Material and methods: Retrospective cohort study in women who underwent
vaginal hysterectomy performed between January 2009 and
June 2014 in the National Institute of Perinatology. The study group
comprised 48 women who had vaginal hysterectomy with enlarged
and non-prolapsed uterus in which were utilized different morcellation
techniques with or without concomitant Deschamps needle use and
50 women who had vaginal hysterectomy for prolapsed uterus served
as control.
Results: The groups had statistical difference in age, number of cesarean
sections, body mass index (BMI), grade of prolapse (Point Cx and D
with POPQ quantification system) and surgical prediagnosis (p‹0.001);
mean uterus weight was 182.5 g and 106 g, respectively (p‹0.001), as
well as for transverse and antero-posterior dimensions and realization
of morcellation with or without use of Deschamps needle.
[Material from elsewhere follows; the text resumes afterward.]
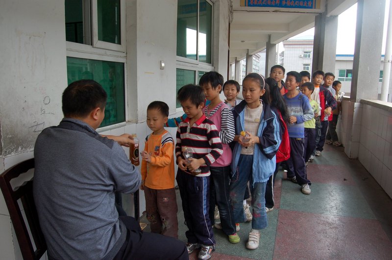 学生排队打药、喝药
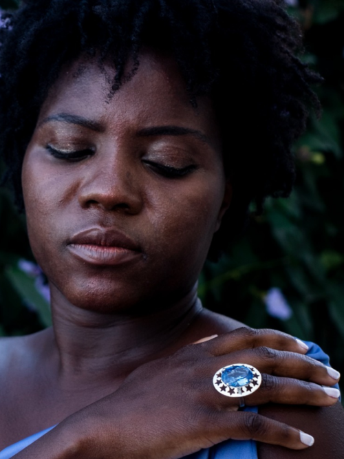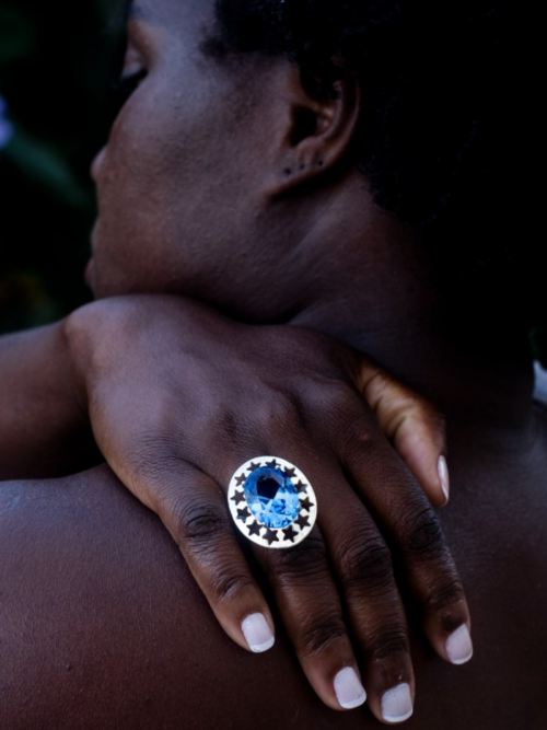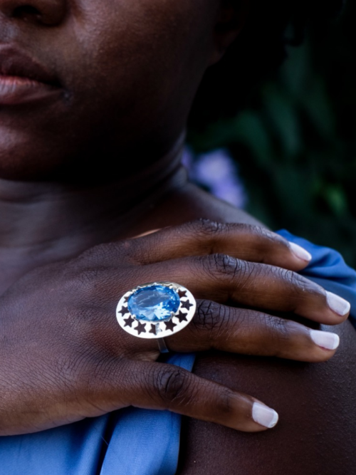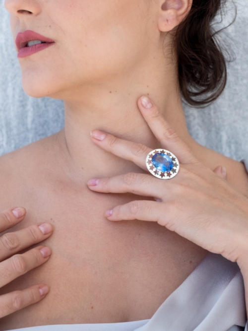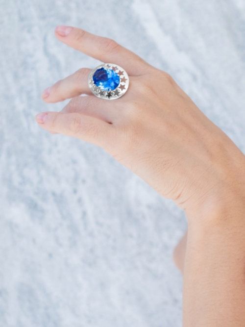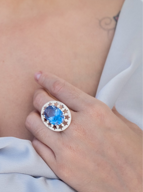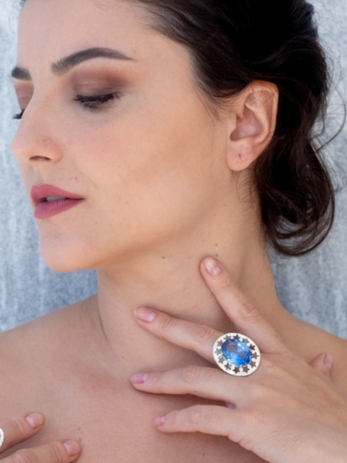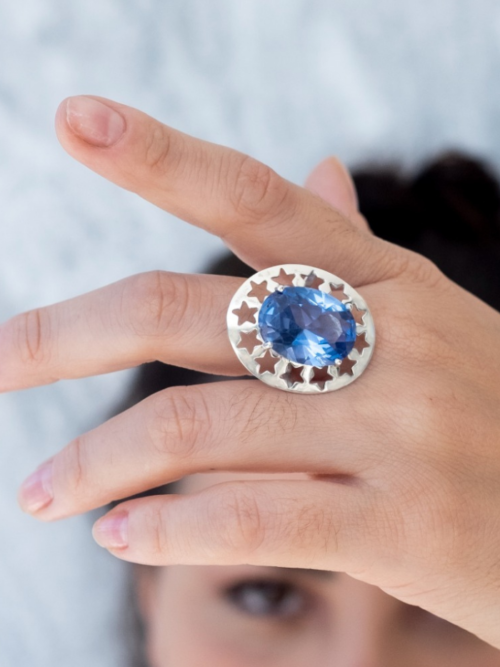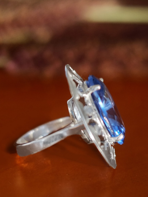 Anel em prata 925 Ar com uma grande pedra azul de zircônia.

Both groups
had no statistical difference in preoperative hemoglobin, concomitant
surgeries for incontinence and prolapsed, estimated blood loss, operation
time, length of stay and complications.
Conclusion: Vaginal hysterectomy utilizing different morcellation
techniques with or without concomitant Deschamps needle use in
women with enlarged and non-prolapsed uterus is safe, effective, and
with similar complications to vaginal hysterectomies in prolapse uterus.